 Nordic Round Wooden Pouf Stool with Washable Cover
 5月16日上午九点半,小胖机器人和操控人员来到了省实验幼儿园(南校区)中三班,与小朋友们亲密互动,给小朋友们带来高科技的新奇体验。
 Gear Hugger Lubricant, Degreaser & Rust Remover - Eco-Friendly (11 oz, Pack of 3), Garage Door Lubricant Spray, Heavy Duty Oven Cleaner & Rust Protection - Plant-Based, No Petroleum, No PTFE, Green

☆ ☆ ☆ ☆ ☆

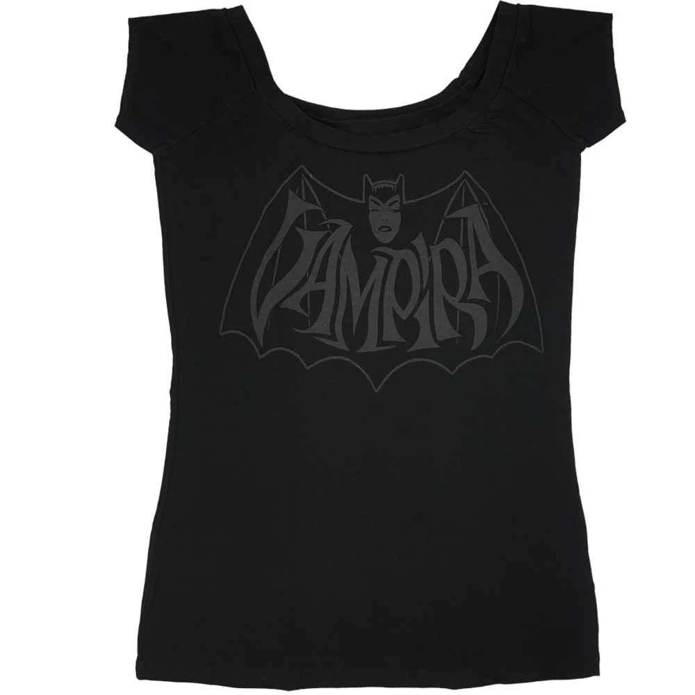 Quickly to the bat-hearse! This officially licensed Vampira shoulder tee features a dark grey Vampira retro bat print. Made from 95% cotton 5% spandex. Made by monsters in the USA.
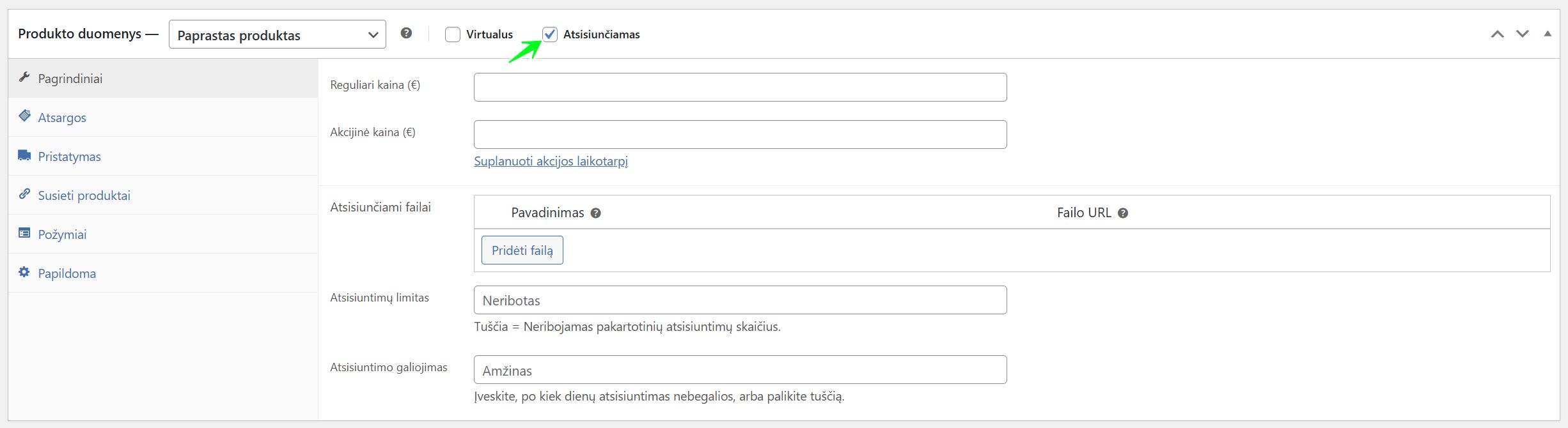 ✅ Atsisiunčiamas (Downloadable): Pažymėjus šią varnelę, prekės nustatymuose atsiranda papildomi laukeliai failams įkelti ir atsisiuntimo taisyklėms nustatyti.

☆ ☆ ☆ ☆ ☆

Goal of the exercise
Your answer must consist solely of the lines above between the line holding "Nordic Round Wooden" and the line holding "Gear Hugger Lubricant, Degreaser", inclusive, copied exactly.

Written solution
 Nordic Round Wooden Pouf Stool with Washable Cover
 5月16日上午九点半,小胖机器人和操控人员来到了省实验幼儿园(南校区)中三班,与小朋友们亲密互动,给小朋友们带来高科技的新奇体验。
 Gear Hugger Lubricant, Degreaser & Rust Remover - Eco-Friendly (11 oz, Pack of 3), Garage Door Lubricant Spray, Heavy Duty Oven Cleaner & Rust Protection - Plant-Based, No Petroleum, No PTFE, Green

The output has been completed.